La historia de la relación entre Estados Unidos y el gobierno de Nicolás Maduro no se escribió únicamente con sanciones económicas. Hubo también una dimensión menos visible, se trata el papel de la CIA (Central Intelligence Agency) el principal servicio de inteligencia exterior de los Estados Unidos.
Esa trama silenciosa de la CIA, muestra cómo Estados Unidos intentó conocer mejor la estructura interna del poder chavista desde adentro y lograr la captura de Nicolás Maduro.
La CIA infiltró una fuente que permitió monitorear a Nicolás Maduro
La CIA tejió en silencio una operación de largo aliento.
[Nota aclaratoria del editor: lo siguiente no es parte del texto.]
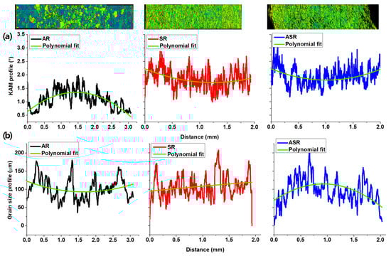 As shown in Figure 12a,b, the kernel average misorientation (KAM) and the grain size profiles indicate heterogeneous behaviors across the sheet thickness. Figure 12a demonstrates that after rolling, both SR and ASR produce more considerable misorientation differences around the surfaces than in the middle zone. In addition, the grain size profiles indicate that ASR gives rise to a curved profile with the smallest grains near the surfaces, while SR follows a flatter profile, as indicated in Figure 12b. From the KAM and grain size profiles, the heterogeneity of the ASR processed sheet covers almost 500 µm (~250 µm for each side). However, this heterogeneity degree is not enough to overcome the strength–ductility trade-off because the dimensional differences between the regions that make up the sheet heterogeneity are not that great. Ma et al. [48] suggest the combination of coarse with nanometric grains to reach a well-defined microstructure heterogeneity with no homogeneous plastic deformation. Although the grain size heterogeneity produced by ASR is not enough to keep the alloy ductility, it can influence the plastic anisotropy due to the marked texture changes around the sheet surfaces, as shown in Figure 4 and Figure 5.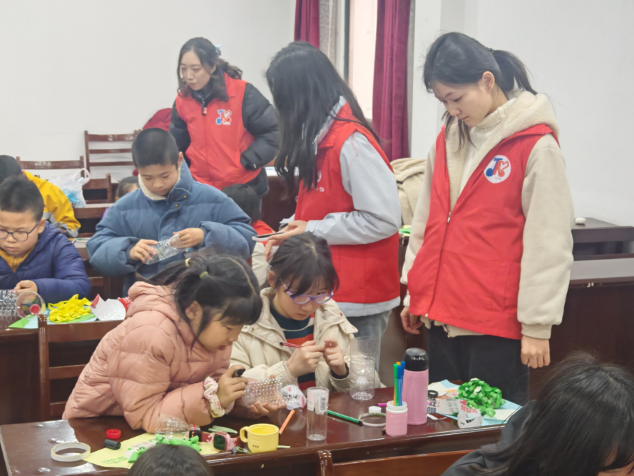 随后,志愿者带领小朋友们一起制作手工树和雨水收集器。在制作手工树时,小朋友们充分发挥想象力,用五颜六色的彩纸和画笔,创作出形态各异的大树,为“森林” 增添了无限生机。在制作雨水收集器时,小朋友们又巧妙地将矿泉水瓶进行改造,变废为宝。剪刀咔嚓咔嚓的声音,仿佛是他们与环保对话的节奏,每一个作品都凝聚着小朋友们的智慧和对环保的独特理解。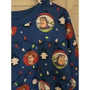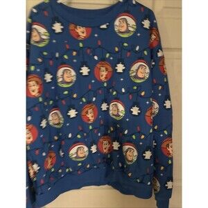 This Disney Store Toy Story Light Up Holiday Sweater in XXL features Woody and Buzz Lightyear from the beloved Toy Story franchise. The colorful multicolor sweater is designed for unisex adults with a regular size fit and a pullover style. The long sleeve sweater has a round neckline and is perfect for adding a touch of holiday cheer to your wardrobe. It is a fun and festive piece that will brighten up your Christmas season.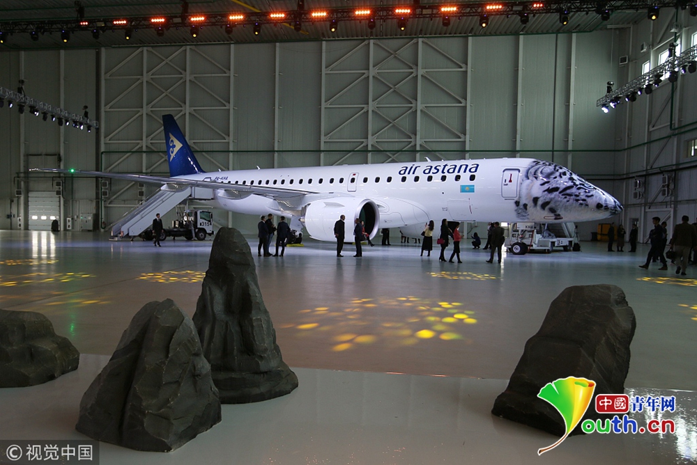 當(dāng)?shù)貢r(shí)間2018年12月14日,哈薩克斯坦阿斯塔納,巴西航空工業(yè)公司E190-E2飛機(jī)在阿斯塔納國際機(jī)場亮相。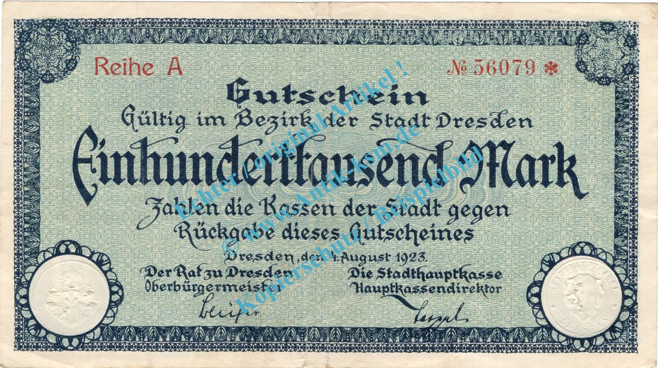 Gutschein / Banknote über Einhunderttausend Mark , Stadt Dresden , Großnotgeld 1923 Inflation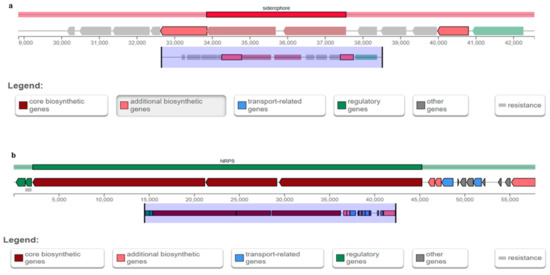 (a,b): Graphical representation of siderophore-and-nonribosomal peptide (NRPS)-encoding genes. These loci are predicted from the whole genome assembly of B. cereus T4S.
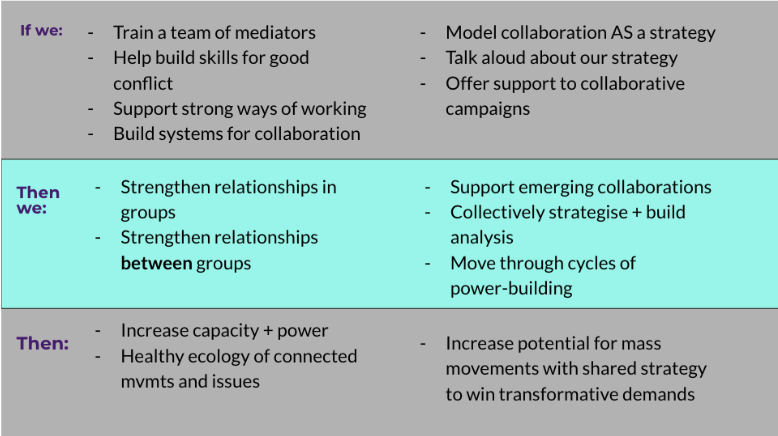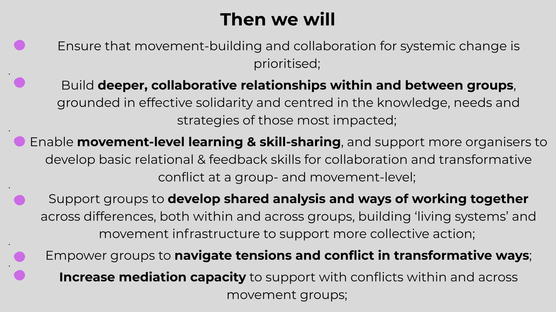 If you also are experimenting with different ways to do conflict, collaborating more deeply at strategic intersections, or if you see a clear connection with what we’re doing in the coming years, we want to hear from you!
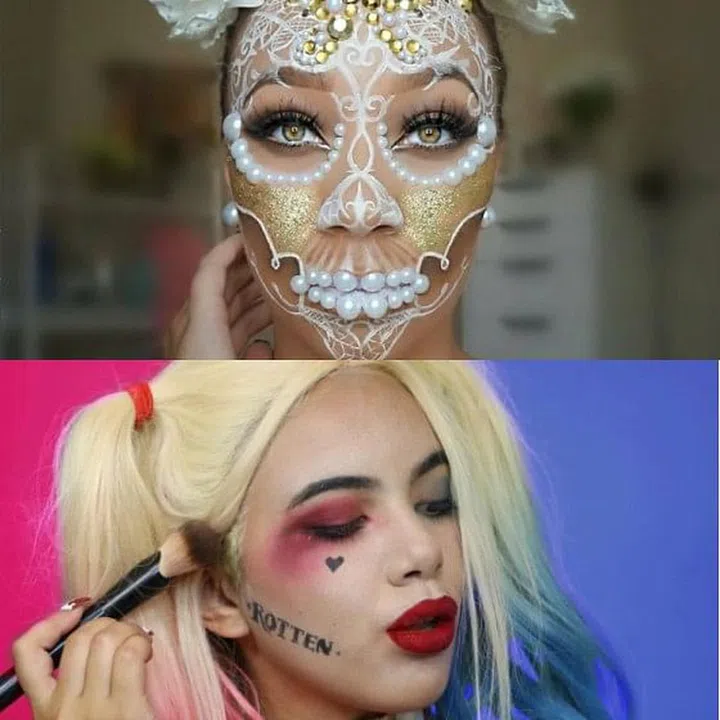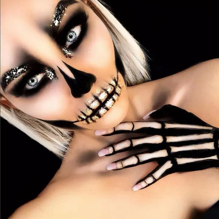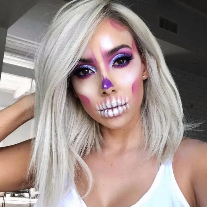 This skull makeup is definitely a go-to if you’re planning to stand out from the crowd. To achieve the look, use a black liner to carve out the hollows of your cheeks, teeth and nose. Next, take a black shadow to smoke out your eyes and create a nose contour.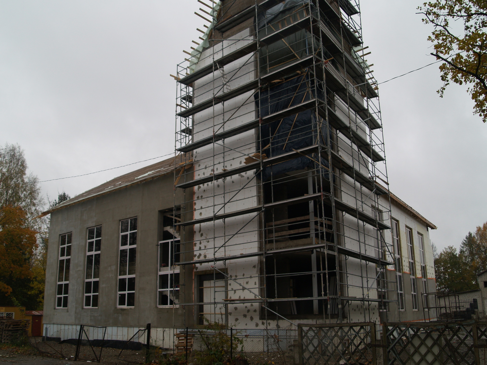 Neljapäevase (14. oktoobri) seisuga olid kirikul ees enamus aknaid, ette panemata olid veel suured nurgaaknad.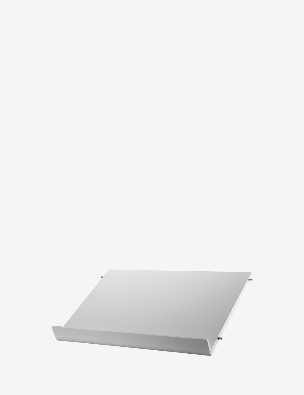 Le porte-revues est disponible en largeurs de 58 cm et 78 cm et s'adapte aux panneaux métalliques String System d'une profondeur de 30 cm.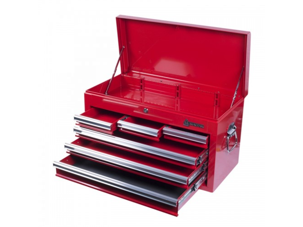 Ящик инструментальный, 6 полок, красный 511-06570R служит для организации рабочего места в любом производственном помещении, на станциях технического обслуживания или авторемонтных мастерских, хранение инструмента, мобильность. Особенности: - 6 выдвижных полок; - Центральный замок; - Переносной стальной лоток. Технические характеристики: - Размеры верхнего отсека: 640х290х115 мм - Размеры выдвижных полок: 3 - 170х270х40 мм 2 - 570х270х40 мм 1 - 570х270х65 мм - Материал: сталь - Цвет: красный - Габариты: 658 х 308 х 370 мм - Вес: 22,8 кг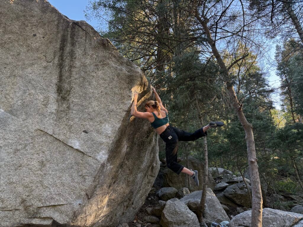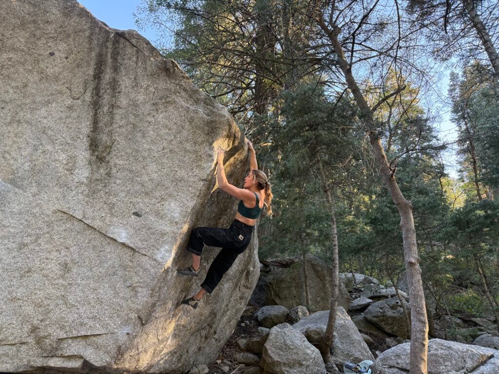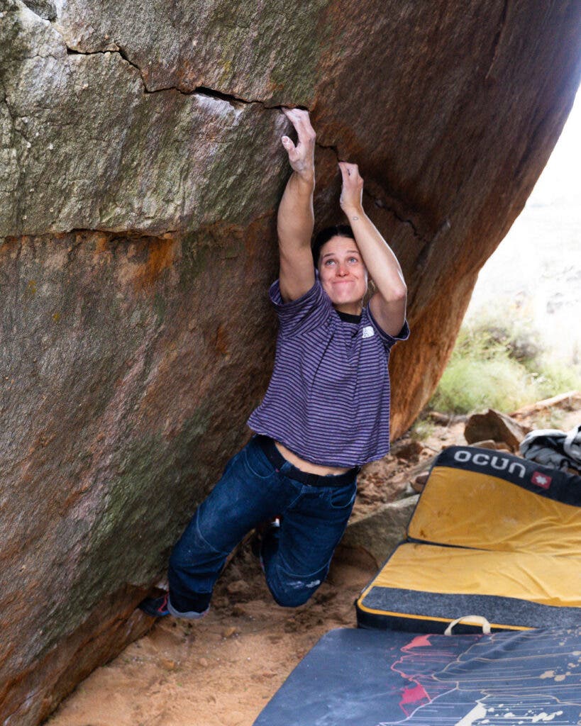 For example, with a pair of pants I made, I worked on them for seven or eight months. I had to make all these different iterations of them and they weren’t working. I had to try something new, switch this and that, take some measurements out of the waist, add space in the hips. I think that’s similar to climbing, too. When you’re trying to figure out the beta for a boulder, it’s just trial and error. You try one thing, it doesn’t work. You try something else. And then you slowly figure out what the best way is.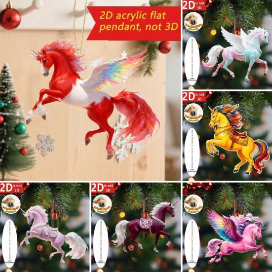 Pferdeornament 2D Acryl Pferd Auto Rückspiegelanhänger Flacher Weihnachtsbaumanhänger Auto Innenraum Hängedekoration für Frauen Mädchen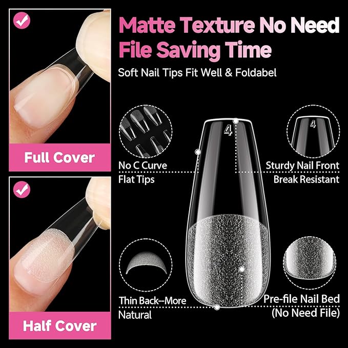 - 【Updated Inner Deep Matte】Our medium coffin gel nail tips have been upgraded with an inner large-grain deep matte texture, providing stronger adhesion to your natural nails. The pre-etched coffin shape saves you time by eliminating the need to file false nails
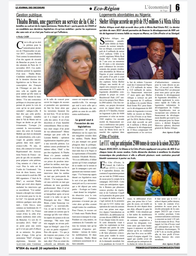 Revue de presse VOTRE TÊTE DE LISTE UEM 2026 Thiaba BRUNI Facebook Huffingtonpost Jeune Afrique BFM TV 20 Minutes Revue de presse internationale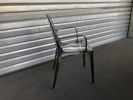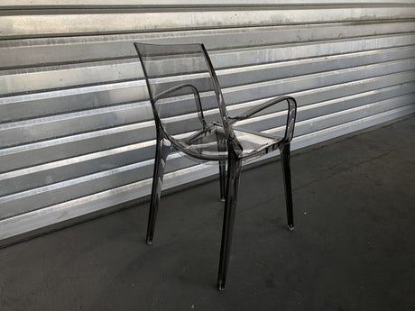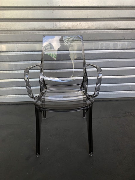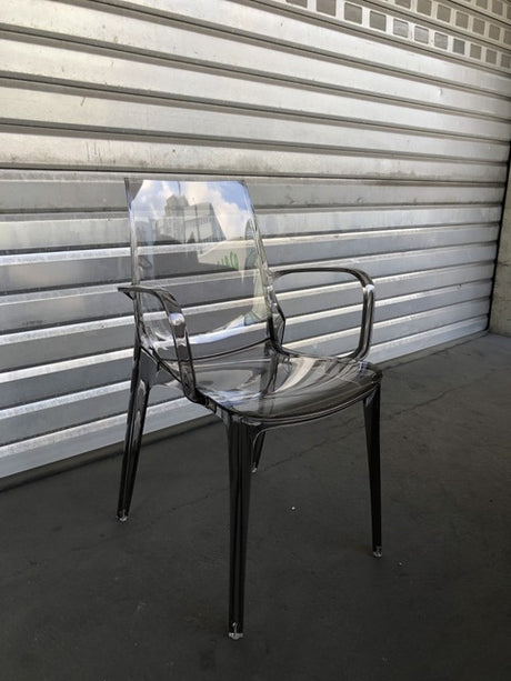 Design Stuhl grau transparent, Stuhl stapelbar , Stuhl mit Armlehne grau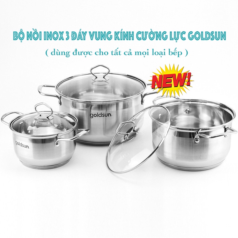 Bộ nồi inox Goldsun 3 đáy GE35/ GE39 và 5 đáy GE41/ ĐÁY TỪ DÙNG CHO MỌI LOẠI BẾP- HÀNG CÔNG TY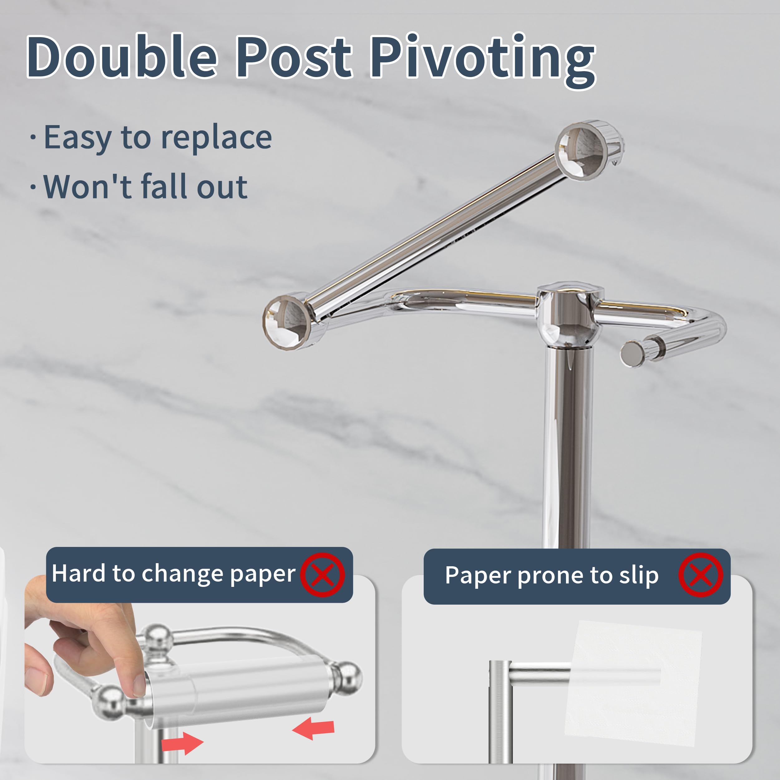 [Double Column Rotation Design] Toilet paper stand's double column rotation design is fits most roll sizes, replacement the toilet paper more effortless. Toilet paper can be firmly fixed and won’t fall off from bathroom tissue holder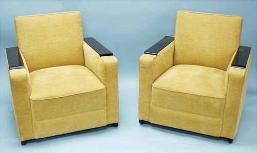 ART DECO - A black lacquer framed three piece salon set comprising a love seat and two fauteils. Recently reupholstered in gold velvet. French, circa 1935. 8000-10000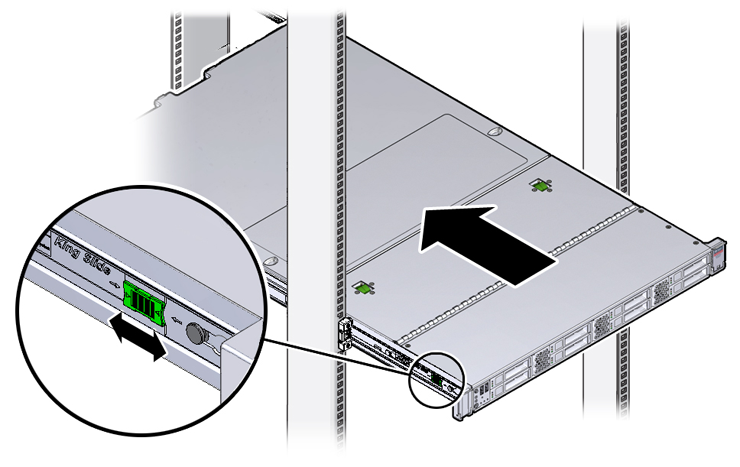 Simultaneously pull and hold the two green release tabs (one on each side of the server) toward the front of the server while you push the server into the rack. See Figure 6.13.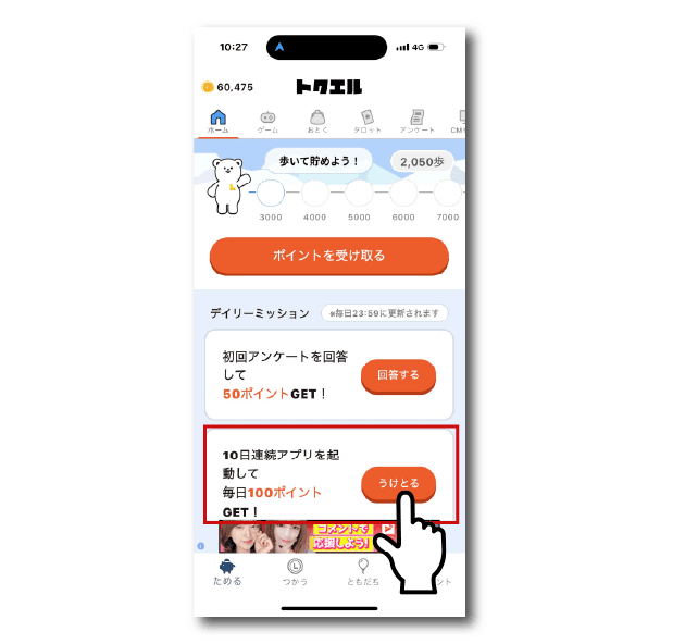 中でも一押しなのが、「10日連続アプリ起動」。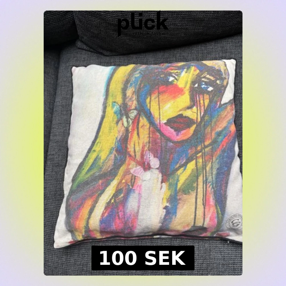 Unikt kuddfodral från Carolina Gynning Design med färgstarkt konstmotiv av kvinnoansikte och fjärilar. Materialet är i gott skick, inga synliga fläckar eller skador. Perfekt för att ge soffan ett konstnärligt och personligt uttryck.

Durante meses, agentes desplegados en Venezuela reconstruyeron el “patrón de vida” de Nicolás Maduro, combinando información de informantes dentro del propio gobierno con una vigilancia casi constante desde el aire, a través de drones difíciles de detectar. Así, paso a paso, lograron ubicarlo con precisión.
Con planificación minuciosa y coordinación estrecha entre la CIA y el ejército, la inteligencia allanó el camino y las fuerzas especiales ejecutaron la captura. Una guerra silenciosa de Estados Unidos, paciente y calculada, que terminó cerrándose sobre su objetivo. Así mismo, según el New York Time, la CIA tenía un grupo de agentes sobre el terreno en Venezuela trabajando clandestinamente desde agosto, según una persona familiarizada con el trabajo de la agencia.
La guerra silenciosa entre Venezuela y Estados Unidos
No existe evidencia pública de que la CIA haya contado con infiltrados dentro del círculo íntimo de Nicolás Maduro, como suele retratarse en relatos de espionaje, con acceso directo a cada conversación o decisión estratégica. Lo que sí está documentado son casos judiciales en los que exfuncionarios del régimen venezolano terminaron convirtiéndose en fuentes de información para Estados Unidos.
En paralelo, la política de Estados Unidos hacia Venezuela ha incluido mecanismos de presión sostenidos en inteligencia financiera y sanciones. La Oficina de Control de Activos Extranjeros (OFAC), dependiente del Departamento del Tesoro, ha sancionado a numerosos altos funcionarios venezolanos, incluidos actores clave del aparato de seguridad, por su participación en la represión y en prácticas de fraude electoral.